[[ Data records, beginning ]]
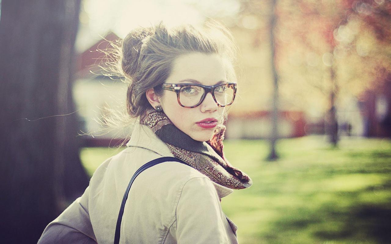 Wallpaper Girl with glasses looked over her shoulder
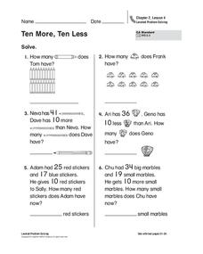 The eight problems on this worksheet ask first graders to match the star that contains a number that is ten more or ten less than the given number. Caution: Some learners might be confused by the formatting of the prompts.
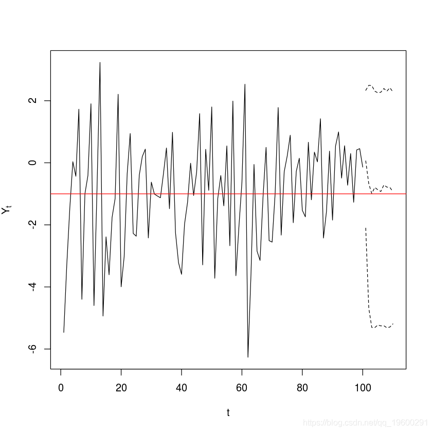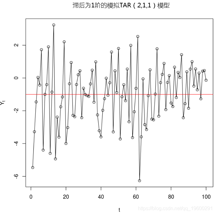 #低机制参数 i1 = 0.3 p1 = 0.5 s1 = 1 #高机制参数 i2 = -0.2 p2 = -1.8 s2 = 1 thresh = -1 delay = 1 #模拟数据 y=sim(n=100,Phi1=c(i1,p1),Phi2=c(i2,p2),p=1,d=delay,sigma1=s1,thd=thresh,sigma2=s2)$y #绘制数据 plot(y=y,x=1:length(y),type='o',xlab='t',ylab=expression(Y[t]) abline(thresh,0,col="red")
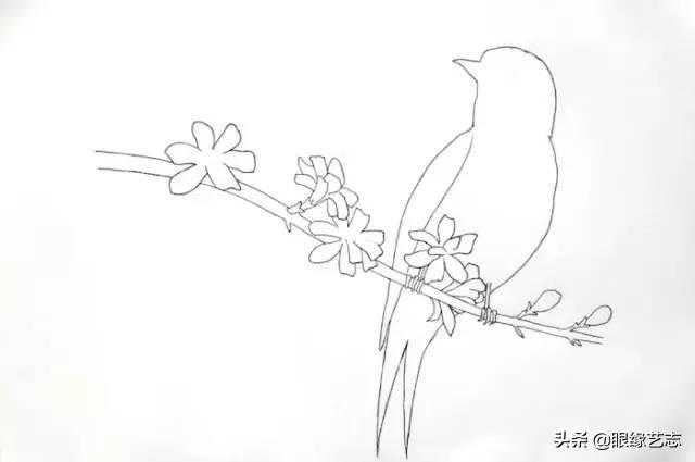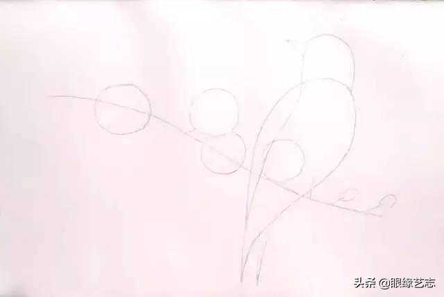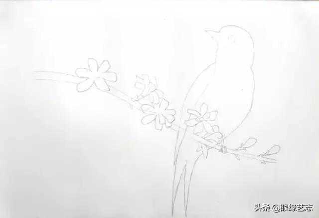 1.构图:观察花和鸟的外形特征,迎春花呈圆形,燕子尾巴像剪刀。用铅笔以几何图形、线条的方式画出大概轮廓,下笔要轻,便于擦掉。
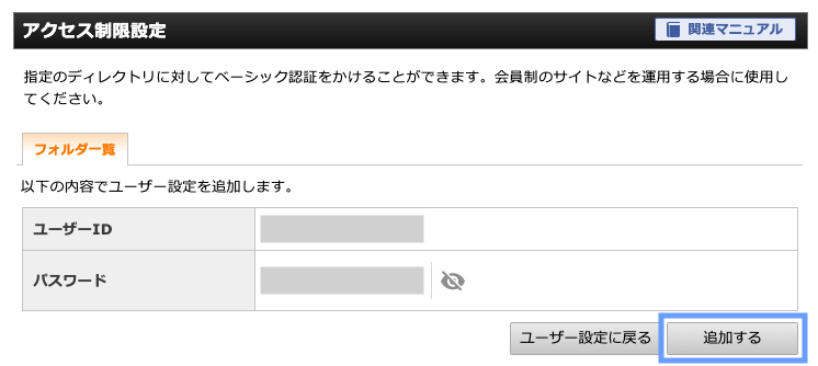 ユーザーIDとパスワードを設定します。
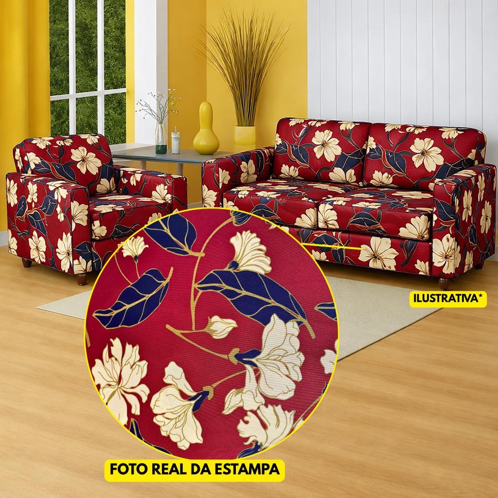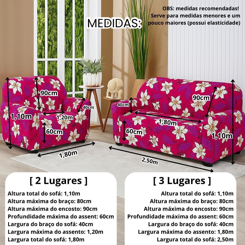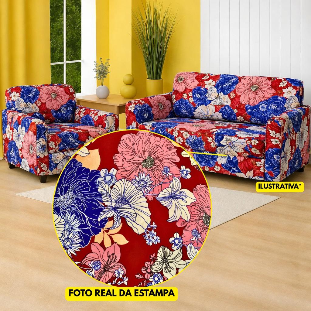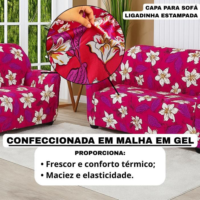 CAPA PARA SOFÁ 2 E 3 LUGARES ESTAMPADA LIGADINHA COLADINHA
[[ Data records, end ]]
> **About this task**:
A picture must not appear in the copy. Transcribe exactly the lines from the one with "#低机制参数 i1 = 0.3" through the final line of the entries, both included, and no more.

> **Exercise response**:
 #低机制参数 i1 = 0.3 p1 = 0.5 s1 = 1 #高机制参数 i2 = -0.2 p2 = -1.8 s2 = 1 thresh = -1 delay = 1 #模拟数据 y=sim(n=100,Phi1=c(i1,p1),Phi2=c(i2,p2),p=1,d=delay,sigma1=s1,thd=thresh,sigma2=s2)$y #绘制数据 plot(y=y,x=1:length(y),type='o',xlab='t',ylab=expression(Y[t]) abline(thresh,0,col="red")
 1.构图:观察花和鸟的外形特征,迎春花呈圆形,燕子尾巴像剪刀。用铅笔以几何图形、线条的方式画出大概轮廓,下笔要轻,便于擦掉。
 ユーザーIDとパスワードを設定します。
 CAPA PARA SOFÁ 2 E 3 LUGARES ESTAMPADA LIGADINHA COLADINHA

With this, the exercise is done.